Mesosphere is based on Apache Mesos, Marathon and other technologies. Mesos is an abstraction of the underlying hardware - exposing APIs to allow running tasks in a cluster ~ think of just launching threads on your linux box - with Mesos it's similar, you can launch processes on your servers across your datacenter or cloud. It's production software that powers Twitter, Airbnb and other companies at scale. Mesos is more than just orchestration - it's really a fabric for writing distributed systems. Apache Spark was a sample app written for Mesos. Marathon is another application that runs on top of Mesos and orchestrates containers. It can handle tens of thousands of containers and more in a single cluster. Chronos and Storm are other systems that can run on top of Mesos.

Marathon: https://mesosphere.github.io/marathon/ Chronos: https://airbnb.github.io/chronos/


In addition to what others replied, you might be interested in this presentation by Benjamin Hindman (who co-created Mesos) to see how it all fits together: https://www.youtube.com/watch?v=F1-UEIG7u5g


CoreOS is Linux distribution. It has been tuned to be lightweight, secure, and highly compatible with Docker among other things.

Mesos is a job scheduler for large distributed systems based on a quick read.

edit: and to the point, it is very natural to consider Mesos slaves as running inside of Docker containers (which may be based on CoreOS)


CoreOS contains a tool called fleet, which abstracts systemd into a cluster init system. fleet has scheduling rules such as "don't schedule more than 1 foobar on this box" or "schedule this app on a box with metadata region=foo" built in to it.

fleet doesn't aspire to do complex resource scheduling or high density bin-packing. The best way to accomplish these tasks is to use fleet to bootstrap more complex and higher-level services like Mesos, Kubernetes or Deis. fleet will make sure the components of those services are running in the cluster, even if machines die or are partitioned.

(CoreOS employee)


Or, more robustly, run Kubernetes, Deis, and Marathon — along with Spark, Hadoop, Cassandra, and so on, all Mesos, all on the same cluster. Mesos is the only technology capable of doing that at any scale.


It'd be very interesting if you know anyone who is doing this sort of thing (fleetd for bootstrapping a more "heavyweight" scheduler) in production, and could prod them to do a write-up on their system. It might inspire some more interesting PaaS products. :)


Deis has been doing this successfully for a while now. Their work is all open source. Here's what the units look like to bootstrap all of their components: https://github.com/deis/deis/tree/master/deisctl/units

More info on the components: http://docs.deis.io/en/latest/understanding_deis/architectur...

The Kubernetes project has also documented a getting started guide for CoreOS: https://github.com/GoogleCloudPlatform/kubernetes/blob/maste...

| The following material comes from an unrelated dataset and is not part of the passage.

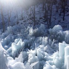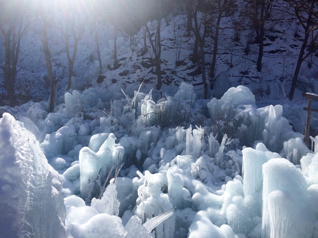 1500平方メートルある敷地内を、氷柱を見ながら散策できます。歩きやすいよう歩道には木のチップが敷き詰められていました。人工の氷柱ですが氷の世界は幻想的で綺麗でした。環境整備協力金300円かかりますが、甘酒か紅茶を無料でいただけます。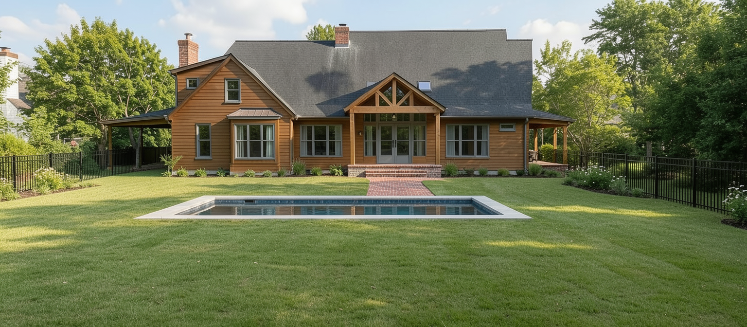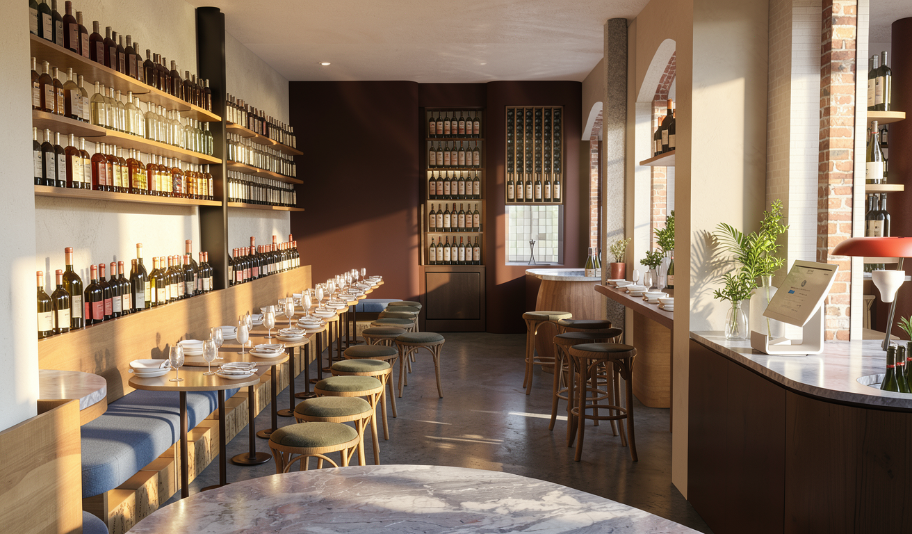 render an elegant vintage inspired kitchen with high arched ceilings use a soft warm ivory color for the walls enhancing the classic architecture add a rustic bronze chandelier with warm glowing light reflect soft shadows on the walls to create depth the floors should be a polished marble texture in light beige with subtle speckles of gold include a large dark wood framed window on the right casting daylight into the room with a serene airy ambiance the open door on the left should be crafted from rich mahogany wood inviting a sense of warmth and welcoming overall create a peaceful timeless atmosphere

The current options are $80 development and $200 for production a month. I would like to see a $60 option for starter, but I would imagine the benefits of the mesosphere deployment are better seen on a higher number of instances.


You can create your own custom cluster[1] with the specs and number of instances that you desire, which would allow you to easily create a $60 option.

[1]: https://digitalocean.mesosphere.com/clusters/new/custom


You can customize the cluster ... if you drop down to single core machines you could get a development cluster (1 master, 3 slaves) down to about $40/m I believe.


Will there be Mesos-specific pricing? The full benefit of Mesos abstraction would remove the concept of a physical machine, and allow DigitalOcean to compete with Heroku-like services even better!


This is great. The tools are still pretty buggy though.


How so? What would you like to see handled differently?


"Internal error while provisioning. We're looking into it! In the meantime, try creating and launching a new cluster."

Tried launching like half a dozen clusters (both custom and default)

Would also be nice to see a post-process set up tutorial on security (iptables and whatnot that people here are talking about)

The execution on GCE was much better imho with VPN support and generally better security (albeit the cluster cost was significantly pricier).